Data for analysis:
*-*-*

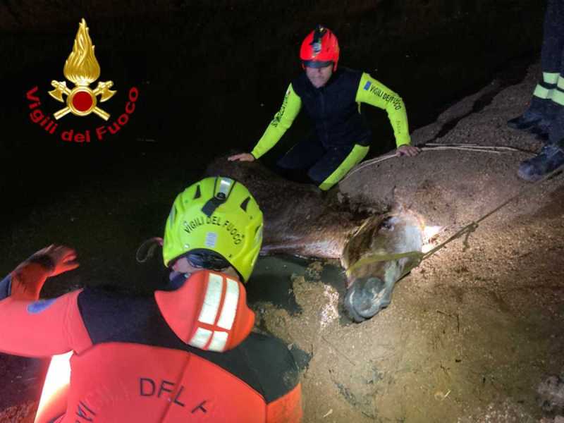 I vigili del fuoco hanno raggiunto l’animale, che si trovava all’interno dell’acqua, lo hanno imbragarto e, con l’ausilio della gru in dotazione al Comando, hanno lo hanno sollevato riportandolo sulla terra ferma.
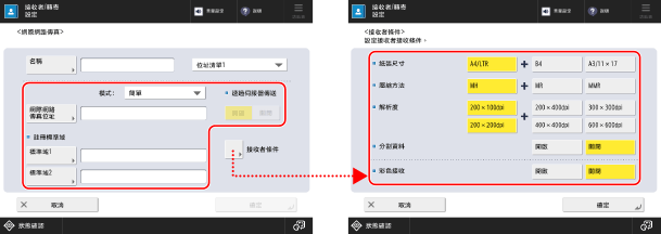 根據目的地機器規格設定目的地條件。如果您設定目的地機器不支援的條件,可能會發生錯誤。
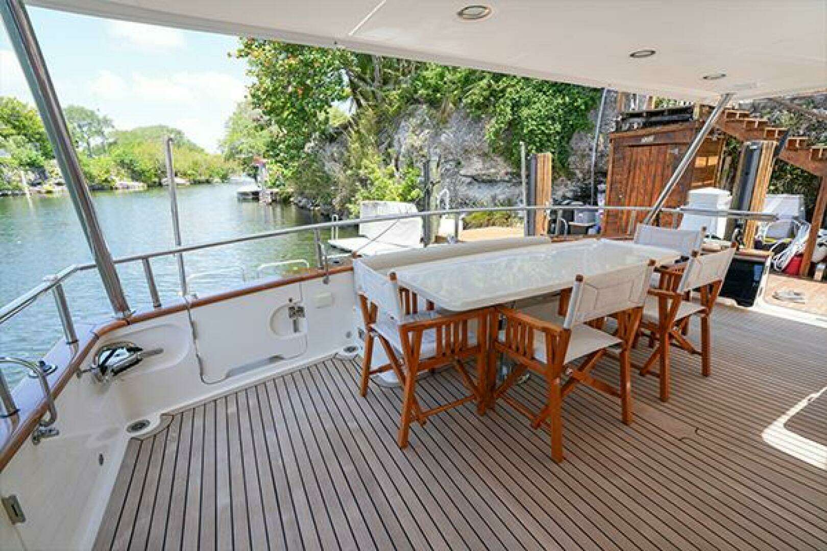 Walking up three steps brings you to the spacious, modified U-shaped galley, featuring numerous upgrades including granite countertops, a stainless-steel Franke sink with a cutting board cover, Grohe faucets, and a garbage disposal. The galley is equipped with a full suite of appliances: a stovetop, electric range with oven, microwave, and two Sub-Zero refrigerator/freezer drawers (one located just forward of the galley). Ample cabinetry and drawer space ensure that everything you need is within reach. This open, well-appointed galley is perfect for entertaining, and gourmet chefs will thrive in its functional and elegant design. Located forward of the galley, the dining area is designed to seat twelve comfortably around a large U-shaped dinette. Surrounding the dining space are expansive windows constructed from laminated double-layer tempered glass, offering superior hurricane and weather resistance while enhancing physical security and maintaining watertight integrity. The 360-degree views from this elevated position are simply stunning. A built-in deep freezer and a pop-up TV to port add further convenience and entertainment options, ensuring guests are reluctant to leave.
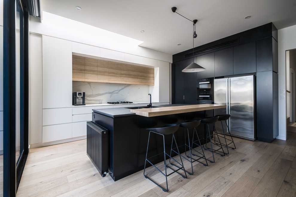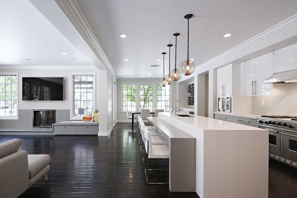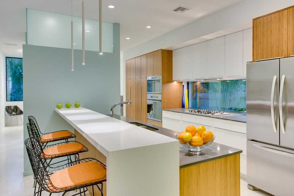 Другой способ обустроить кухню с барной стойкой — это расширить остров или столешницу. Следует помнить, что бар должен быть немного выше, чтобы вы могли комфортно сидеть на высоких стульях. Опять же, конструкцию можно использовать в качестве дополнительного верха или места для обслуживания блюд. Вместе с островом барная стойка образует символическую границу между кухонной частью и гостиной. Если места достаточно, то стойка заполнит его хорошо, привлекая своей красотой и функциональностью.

*-*-*

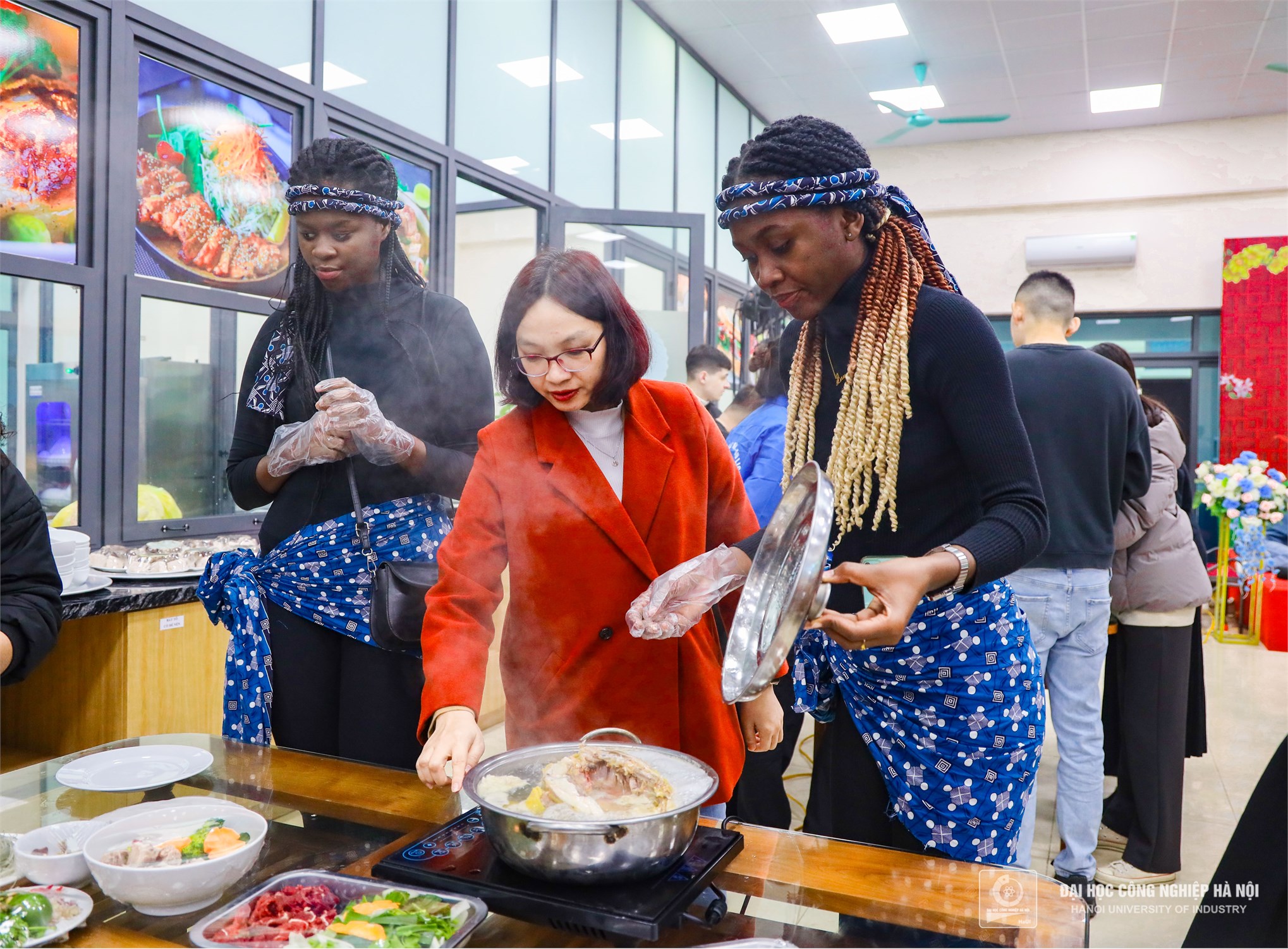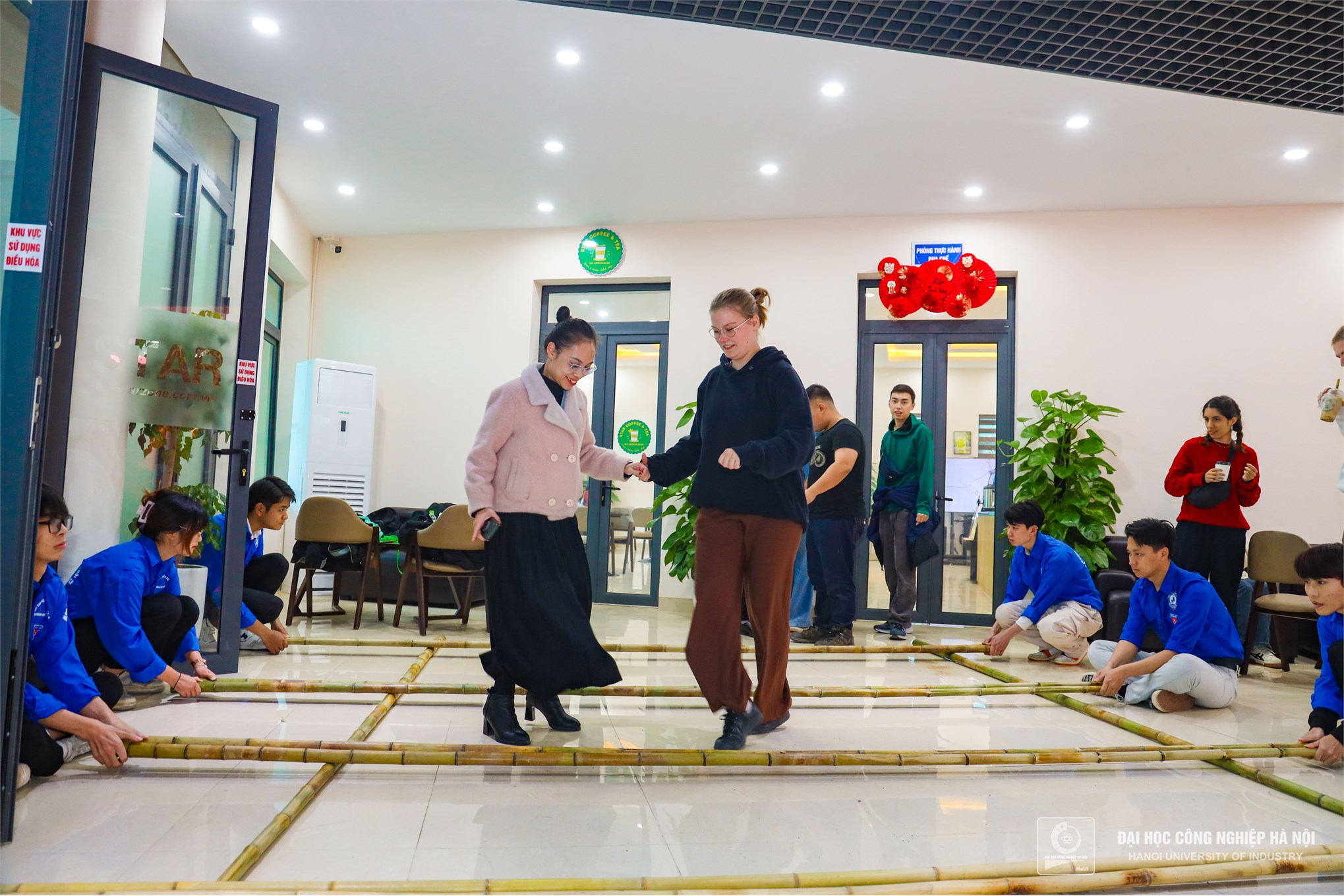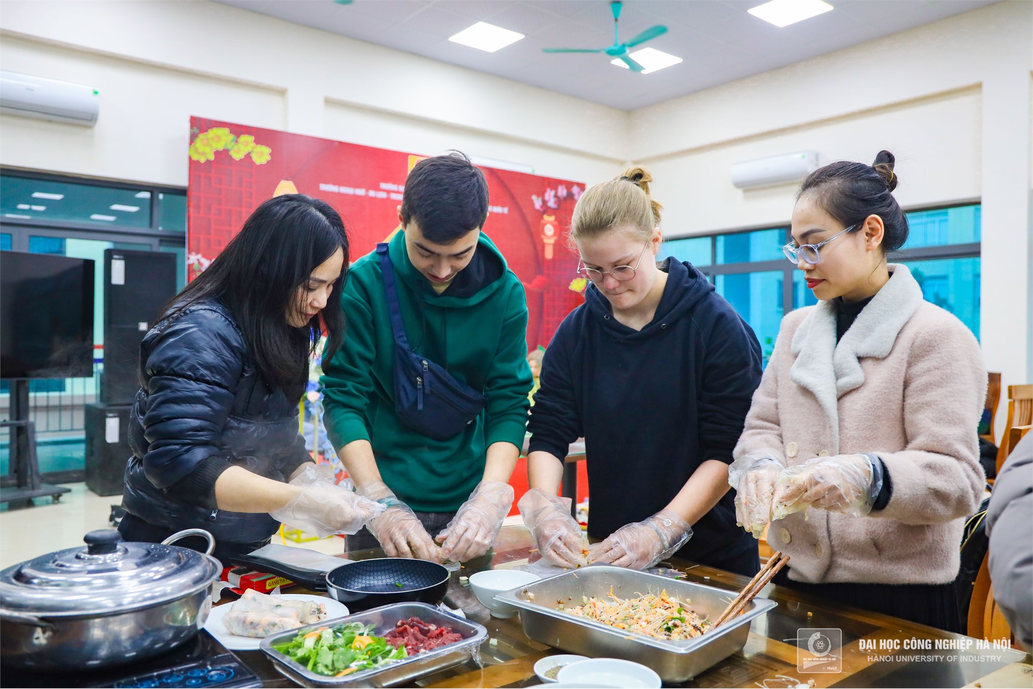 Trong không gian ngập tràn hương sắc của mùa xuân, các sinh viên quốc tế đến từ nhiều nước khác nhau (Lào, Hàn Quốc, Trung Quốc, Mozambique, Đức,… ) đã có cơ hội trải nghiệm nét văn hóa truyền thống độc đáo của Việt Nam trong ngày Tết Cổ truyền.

*-*-*

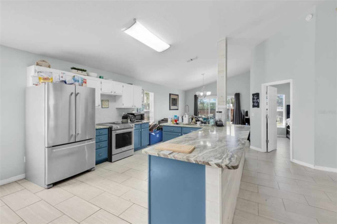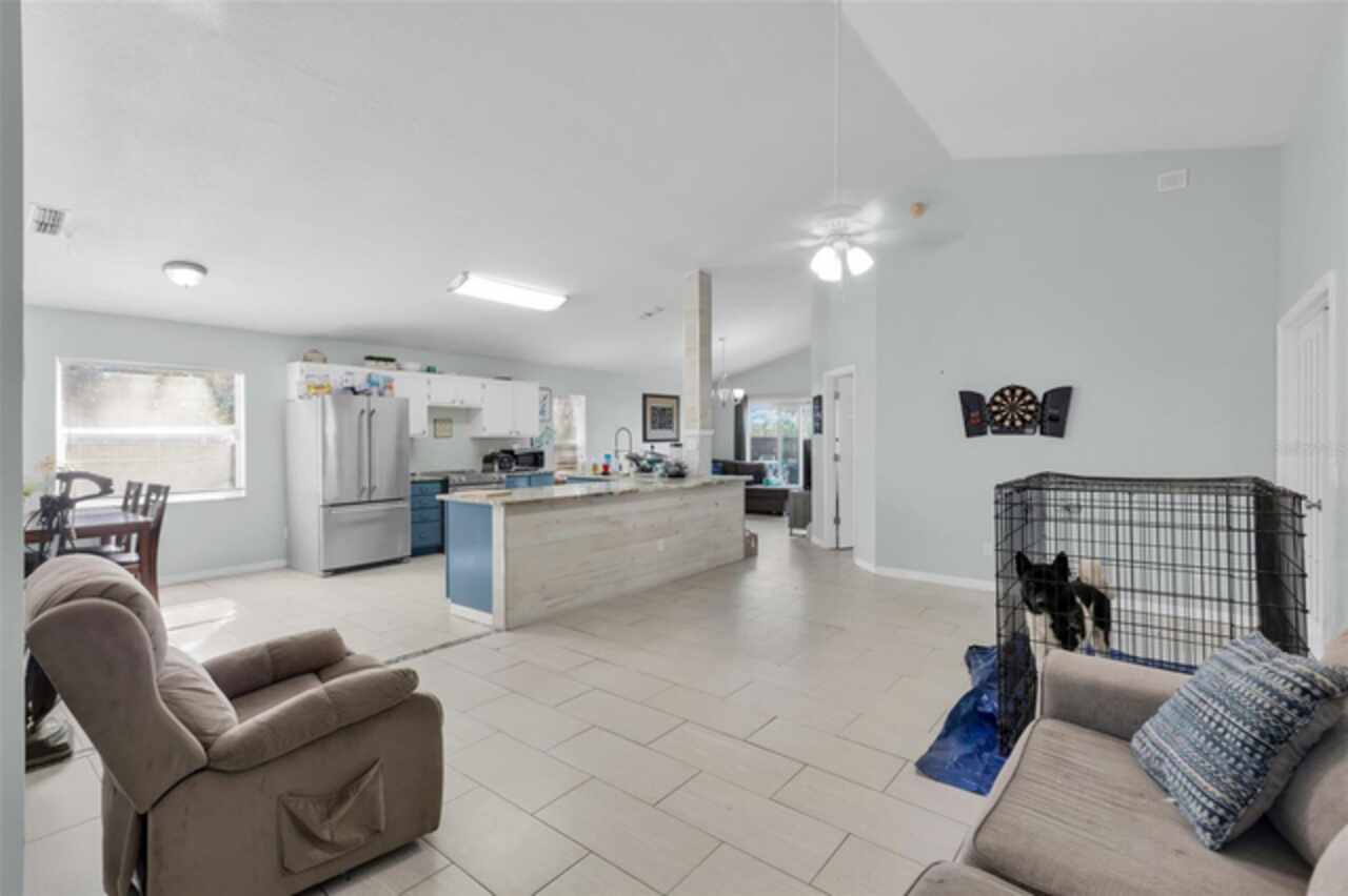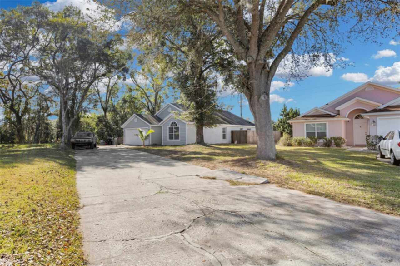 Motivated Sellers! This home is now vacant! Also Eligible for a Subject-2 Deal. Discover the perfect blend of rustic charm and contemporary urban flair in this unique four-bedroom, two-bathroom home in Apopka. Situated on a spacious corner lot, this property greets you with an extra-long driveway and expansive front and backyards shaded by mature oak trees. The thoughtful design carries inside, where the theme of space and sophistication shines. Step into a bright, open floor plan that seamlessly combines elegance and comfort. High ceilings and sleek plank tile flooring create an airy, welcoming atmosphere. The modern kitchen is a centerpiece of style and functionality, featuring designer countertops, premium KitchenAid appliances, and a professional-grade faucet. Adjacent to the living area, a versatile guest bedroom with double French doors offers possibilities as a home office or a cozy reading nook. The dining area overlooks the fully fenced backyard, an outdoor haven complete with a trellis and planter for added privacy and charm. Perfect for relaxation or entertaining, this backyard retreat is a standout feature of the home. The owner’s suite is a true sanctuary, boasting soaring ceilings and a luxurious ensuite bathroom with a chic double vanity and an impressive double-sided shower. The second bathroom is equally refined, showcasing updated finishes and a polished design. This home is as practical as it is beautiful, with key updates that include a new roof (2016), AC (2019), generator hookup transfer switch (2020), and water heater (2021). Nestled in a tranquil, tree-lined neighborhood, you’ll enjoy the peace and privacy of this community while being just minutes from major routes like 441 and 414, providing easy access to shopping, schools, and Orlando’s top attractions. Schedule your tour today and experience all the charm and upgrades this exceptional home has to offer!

*-*-*

Aim of the exercise: Find where the line with "I vigili del" sits in the material above and where the line with "根據目的地機器規格設定目的地" sits. Set down exactly the lines from the first to the second, both included and nothing else, without pictures.

Solution for this task:
 I vigili del fuoco hanno raggiunto l’animale, che si trovava all’interno dell’acqua, lo hanno imbragarto e, con l’ausilio della gru in dotazione al Comando, hanno lo hanno sollevato riportandolo sulla terra ferma.
 根據目的地機器規格設定目的地條件。如果您設定目的地機器不支援的條件,可能會發生錯誤。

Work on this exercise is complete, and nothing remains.